Today I attended a "Social Media" course in Wicklow , hoping to upgrade my communication skills and get my new website "out there"! Looking out the window over the rooftops of this old port town, I thought about it's best known former citizen and his role in communication history - Captain Robert Halpin.

When I read his life story, and there is an excellent account of his life on www.countywicklowheritage.org, two things struck me.

Firstly, Robert Halpin signed up for seven years at sea at the tender age of eleven. Eleven - an age when most young males are still considered children and treated as such.

Secondly, he died a relatively young man from gangrene, contracted through cutting his toe nails - a nasty and needless end to a wonderful career.

Robert Halpin could be described as connecting empires and continents through submarine cables and was truly one of the constructors of the Victorian Age of Communication. He was Captain of the largest ship in the world at the time - The Great Eastern, designed by Isambard Kingdom Brunel as a cruise ship, and put to work at laying cables.

When the first successful transatlantic cable was laid, America had just come out of the Civil War, Queen Victoria was nearly thirty years on the throne of England, and the Austro Prussian War was underway. Before the cable, news was carried by ship from America and generally took two weeks - imagine the difference the telegraph made.
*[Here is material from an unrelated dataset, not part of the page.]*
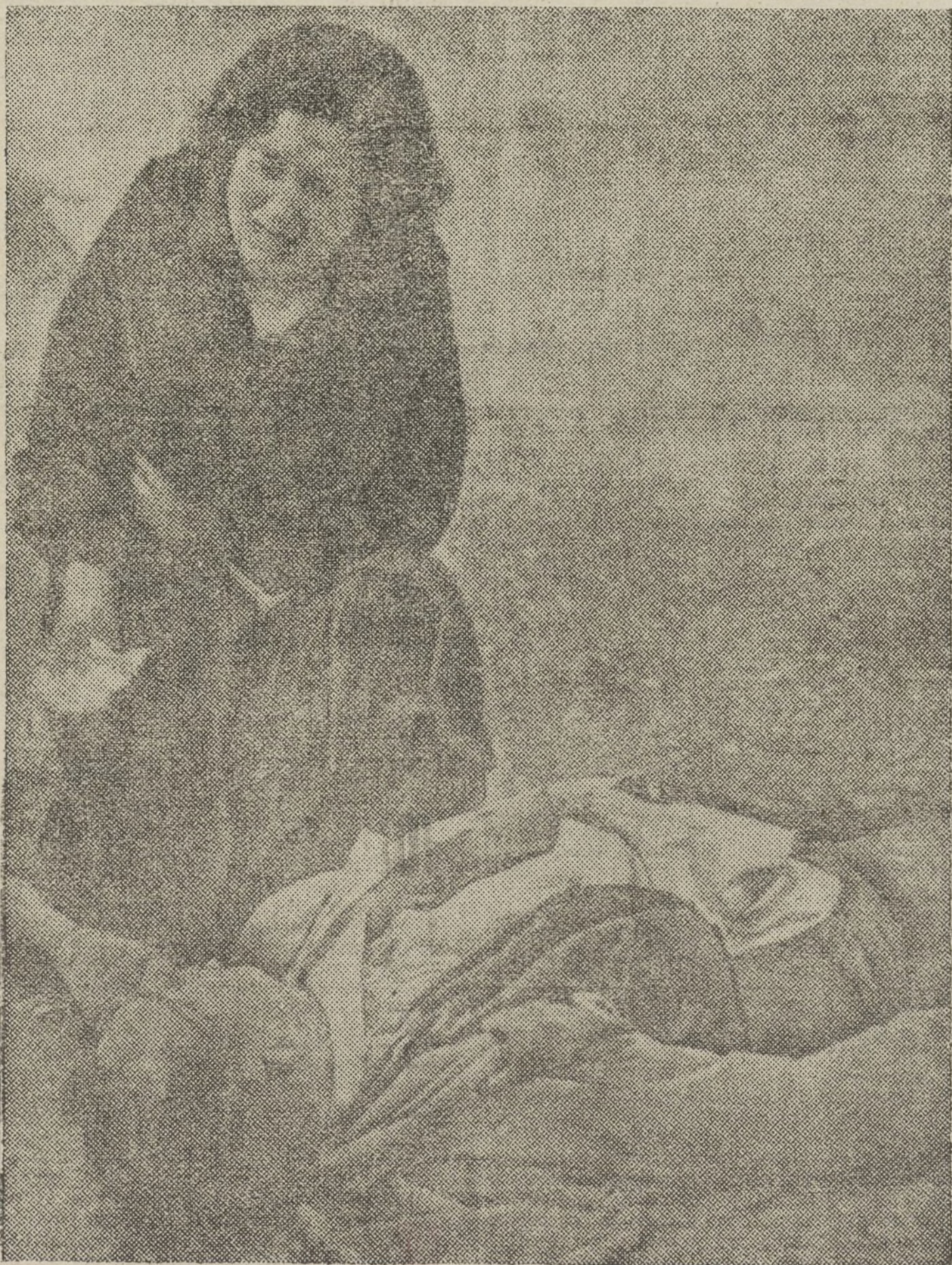
LERIDA, GUERNICA JAEN, BARCELONA...

Bruselas.—La Conferencia ha desistido de enviar a Tokio el texto de la declaración angiofrancoamericana, e incluso de comunicársela al embajador del Japón en Bruselas.—Fabra.

Captain Halpin is well remembered in his home town of Wicklow. His birth place, an inn down by the harbour, is still trading as the Bridge House and he is commemorated with an obelisk in a triangle in the centre of the town, known as the "Smoothing Iron". He is buried in the graveyard beside Wicklow Parish Church, a distinctive church with a copper dome, and this graveyard has great views over the harbour and the Irish coastline.

Robert Halpin was a celebrity in his own lifetime and was well rewarded for his endeavours. He built himself a substantial mansion - Tinakilly House, in Rathnew, now a smart hotel/country house. Irish people of a certain age may remember television adverts for "toilet tissue", featuring Twink and a character called "Rose Violet" - those adverts were shot in Tinakilly House!

Birthplace of Captain Halpin - a pub in his time, and still a pub today!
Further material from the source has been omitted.